(Information)

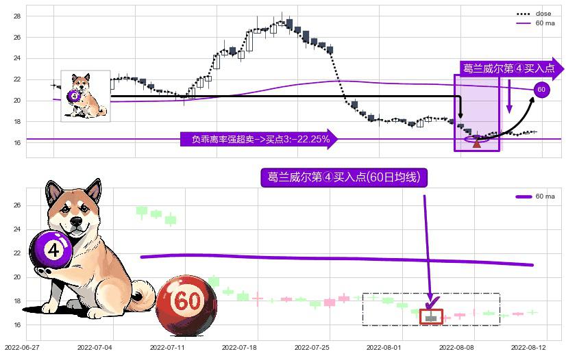 ⚀ 2022-08-03-日显现 葛兰威尔均线 60日均线 第④买入点 下降趋势均值回复的短线反弹信号,后市看涨,买进信号
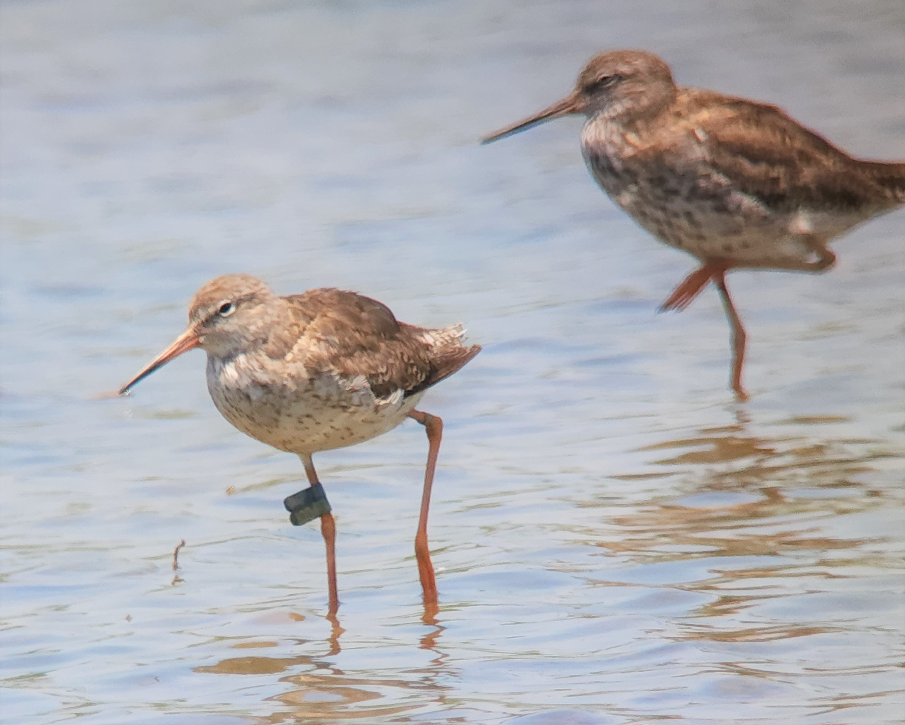 Common Redshank: Leg flag white over yellow UE, M6, W8, VD, EK and 1 leg flag blue over green letters looks like 300 or 3DD attached photo for your record.
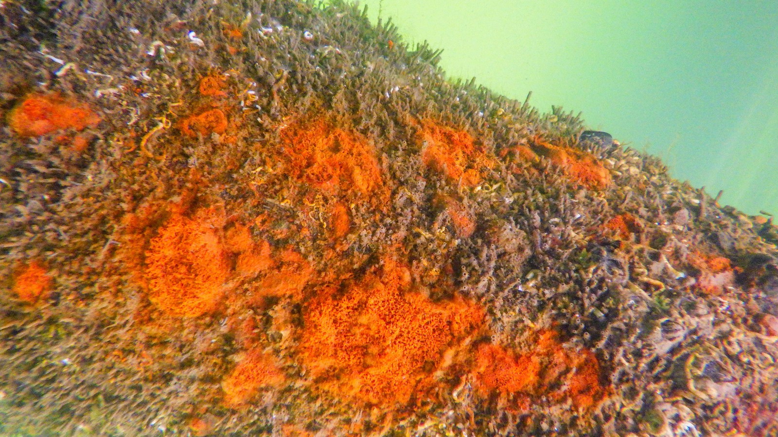 C'est sur une épave en fer ? les tâches orange me font plus penser à de la rouille que à Crambe crambe. Pour les tubes, sans plus de détails, on peut penser à des vers ou à des arthopodes.
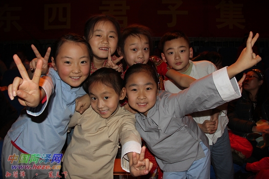 “我叫马文雅,今年六岁了。”“我今年九岁了,我是陈雨彤。”“我是朱怡宁,今年七岁了。”昨日下午,表演完《菏泽大变化》节目后,听说记者要采访时,三位“老太太”争相自我介绍。她们挽起头发,穿上偏襟,俨然一个个“小老太太”。“阿姨,你瞧瞧我的皱纹,跟老奶奶的皱纹一模一样呢!”马文雅指着自己额头上的“皱纹”对记者说。“我也有‘皱纹’呢。”陈雨彤不甘落后。看得出来,她们对“老太太”这一角色很是喜欢。
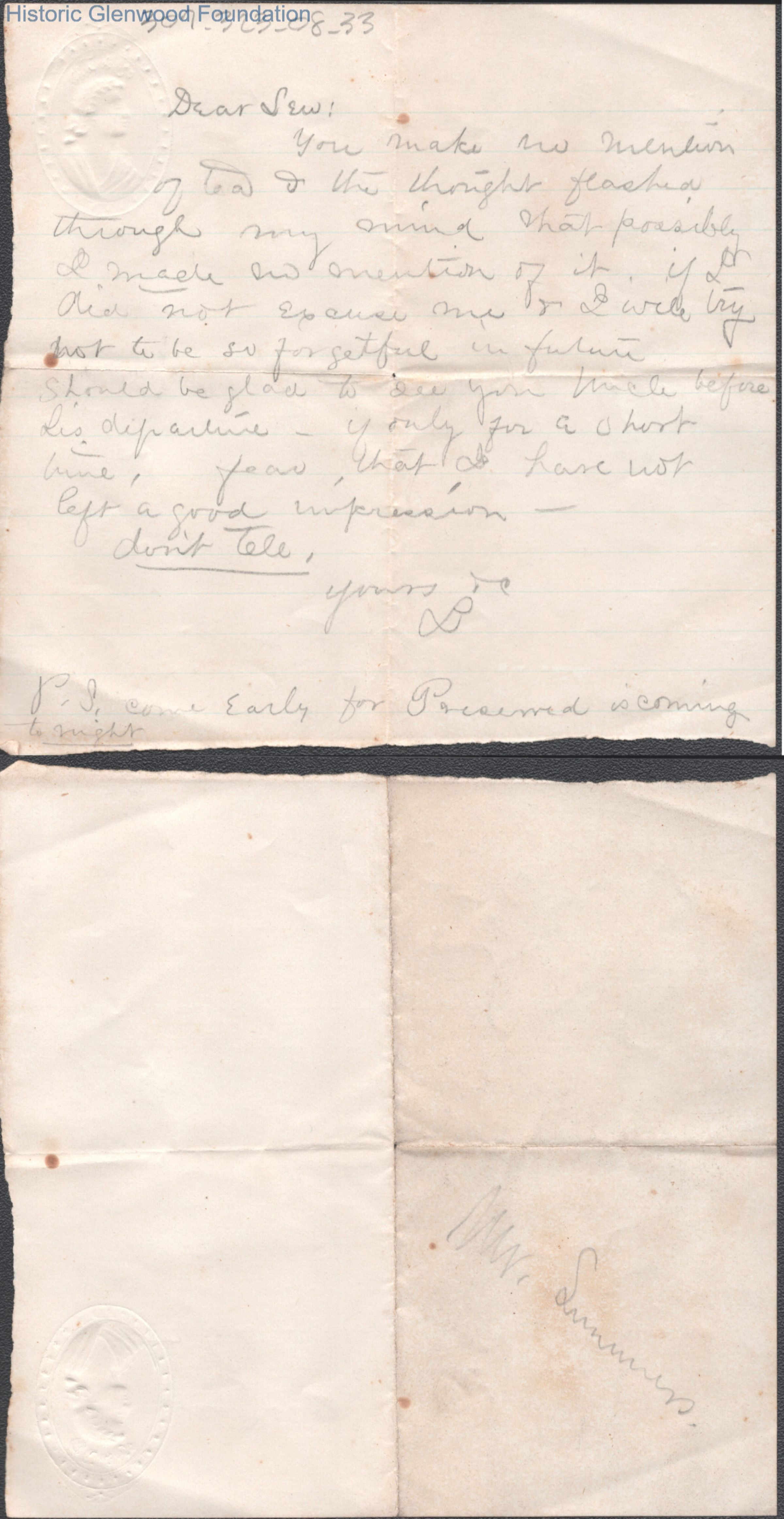 Single page letter to Lewis Summers from Lucy W. Summers, no date.
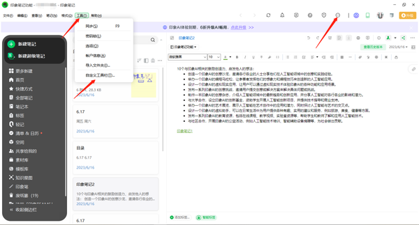 1、点击印象笔记菜单栏【工具】-【自定义工具栏】,或者直接点击右上方工具栏中的【更多功能】。
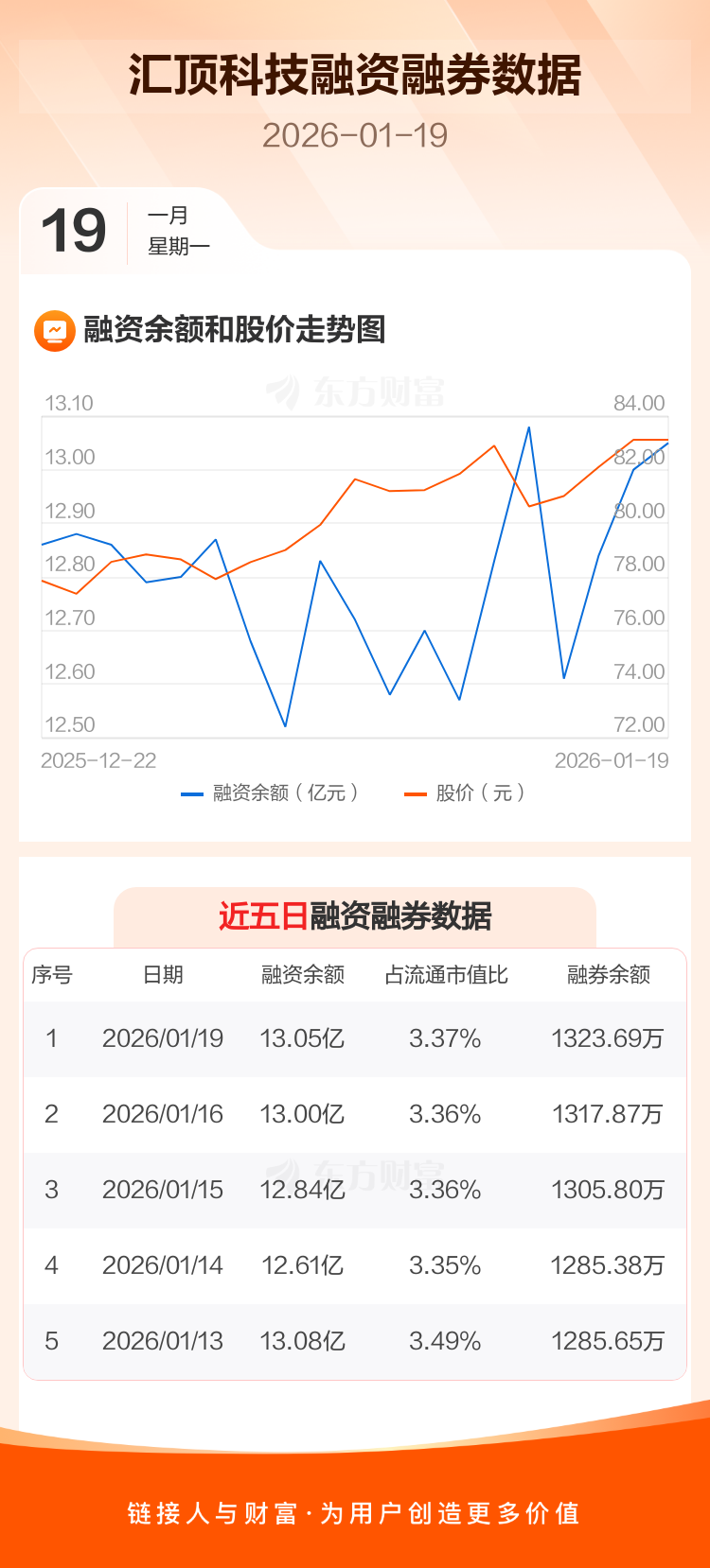 交易所最新数据显示,汇顶科技于2026年1月19日获融资买入5466.98万元,融资偿还5016.76万元,当日融资净买入450.22万元。目前,该股融资余额13.05亿,占流通市值比例为3.37%。
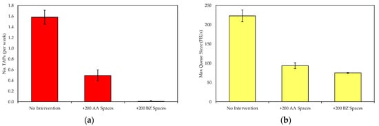(a) Expected number of TAPs per week and (b) maximum size of the TAP queue for the no intervention, add space to the assembly area (AA) and add space to the buffer zone (BZ) planning scenarios in response a 10% growth in freight traffic.
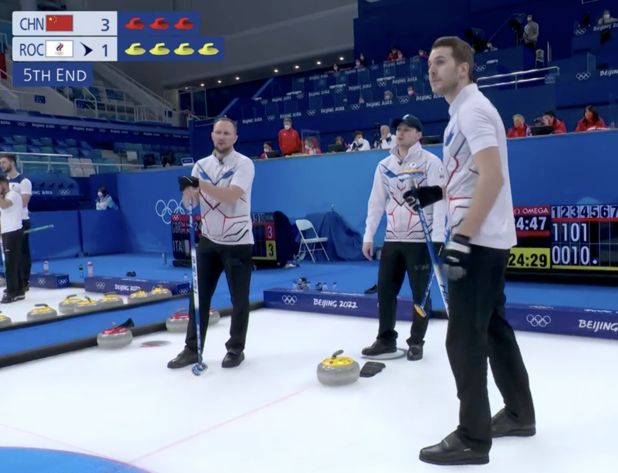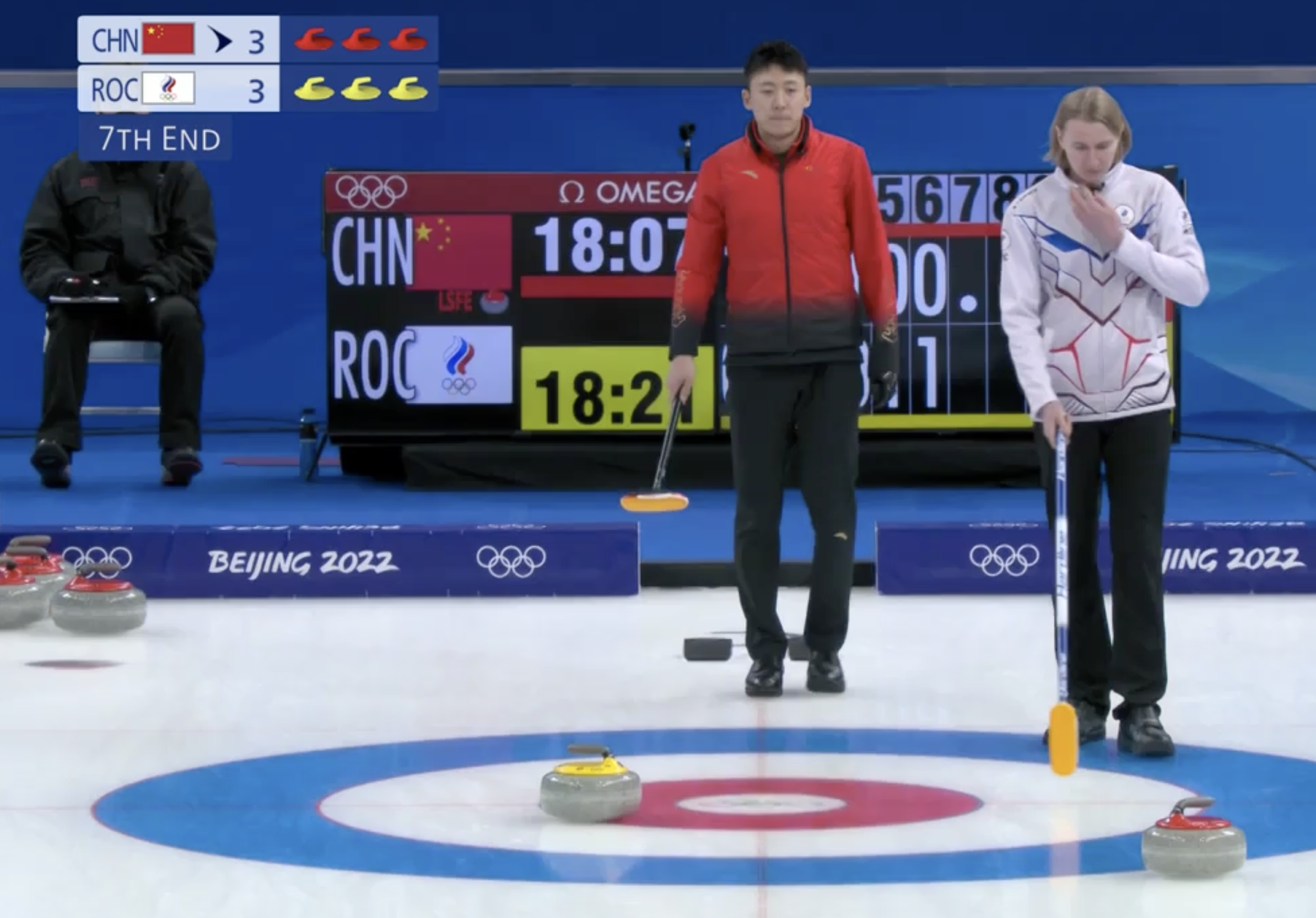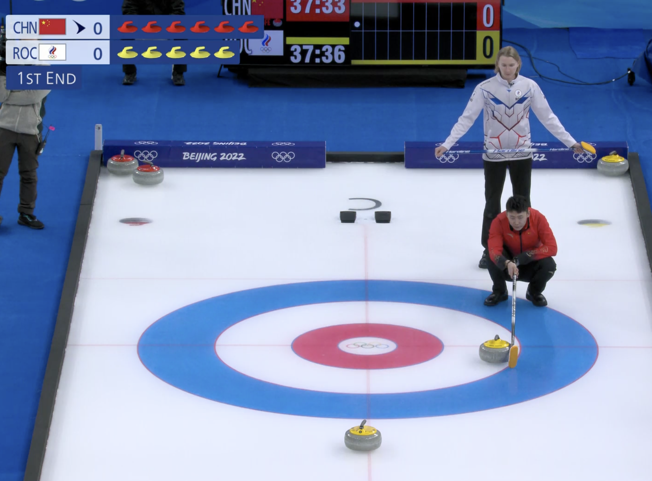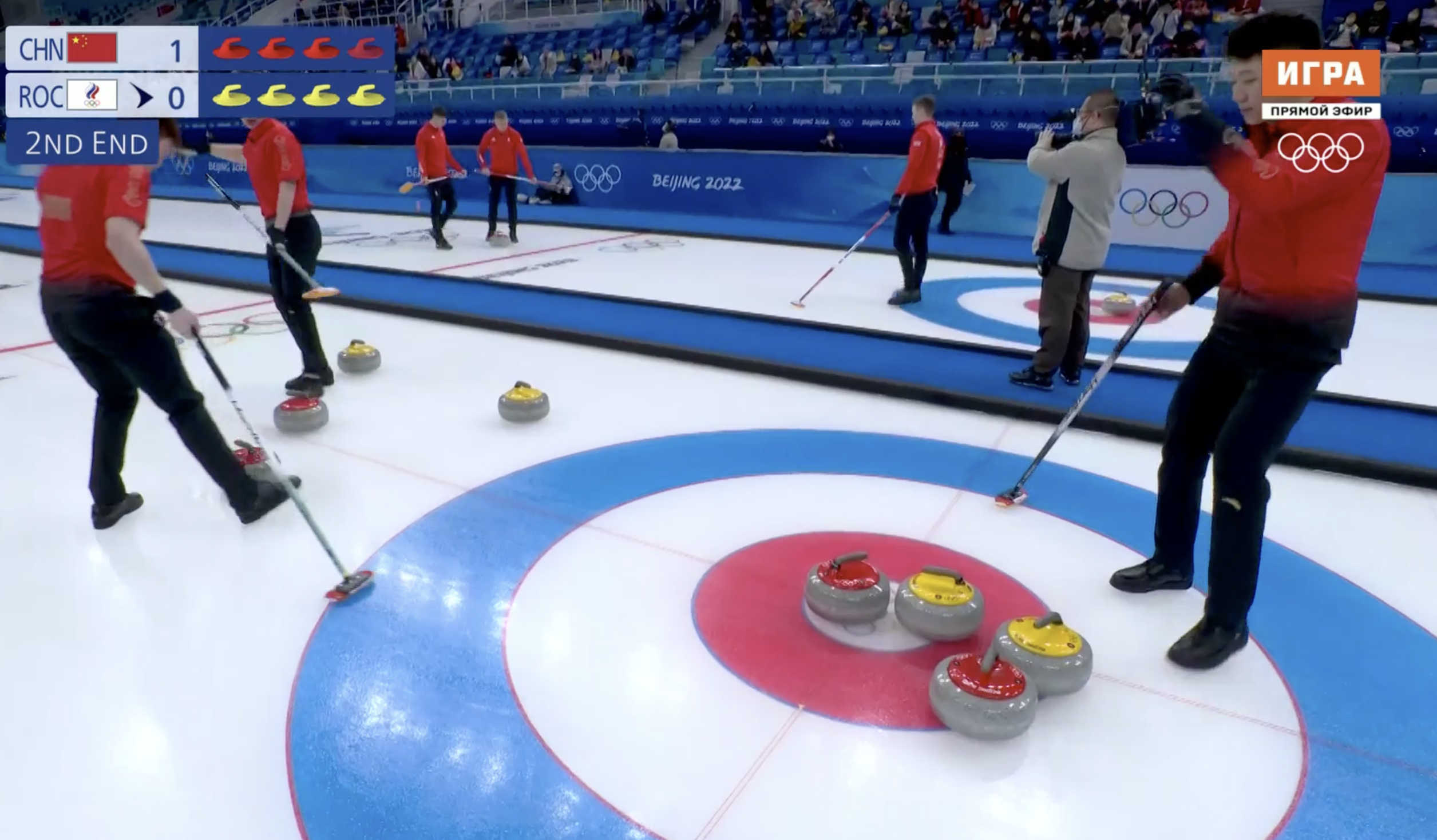 Не получилось обнулиться у китайцев, право последнего броска переходит к нашим парням во втором энде. Неплохое начало!

(End Information)

**Exercise aim:** Skip the pictures and print exactly the lines from the one containing "Common Redshank: Leg" through the end of the records above.

**Answer to this task:**
 Common Redshank: Leg flag white over yellow UE, M6, W8, VD, EK and 1 leg flag blue over green letters looks like 300 or 3DD attached photo for your record.
 C'est sur une épave en fer ? les tâches orange me font plus penser à de la rouille que à Crambe crambe. Pour les tubes, sans plus de détails, on peut penser à des vers ou à des arthopodes.
 “我叫马文雅,今年六岁了。”“我今年九岁了,我是陈雨彤。”“我是朱怡宁,今年七岁了。”昨日下午,表演完《菏泽大变化》节目后,听说记者要采访时,三位“老太太”争相自我介绍。她们挽起头发,穿上偏襟,俨然一个个“小老太太”。“阿姨,你瞧瞧我的皱纹,跟老奶奶的皱纹一模一样呢!”马文雅指着自己额头上的“皱纹”对记者说。“我也有‘皱纹’呢。”陈雨彤不甘落后。看得出来,她们对“老太太”这一角色很是喜欢。
 Single page letter to Lewis Summers from Lucy W. Summers, no date.
 1、点击印象笔记菜单栏【工具】-【自定义工具栏】,或者直接点击右上方工具栏中的【更多功能】。
 交易所最新数据显示,汇顶科技于2026年1月19日获融资买入5466.98万元,融资偿还5016.76万元,当日融资净买入450.22万元。目前,该股融资余额13.05亿,占流通市值比例为3.37%。
(a) Expected number of TAPs per week and (b) maximum size of the TAP queue for the no intervention, add space to the assembly area (AA) and add space to the buffer zone (BZ) planning scenarios in response a 10% growth in freight traffic.
 Не получилось обнулиться у китайцев, право последнего броска переходит к нашим парням во втором энде. Неплохое начало!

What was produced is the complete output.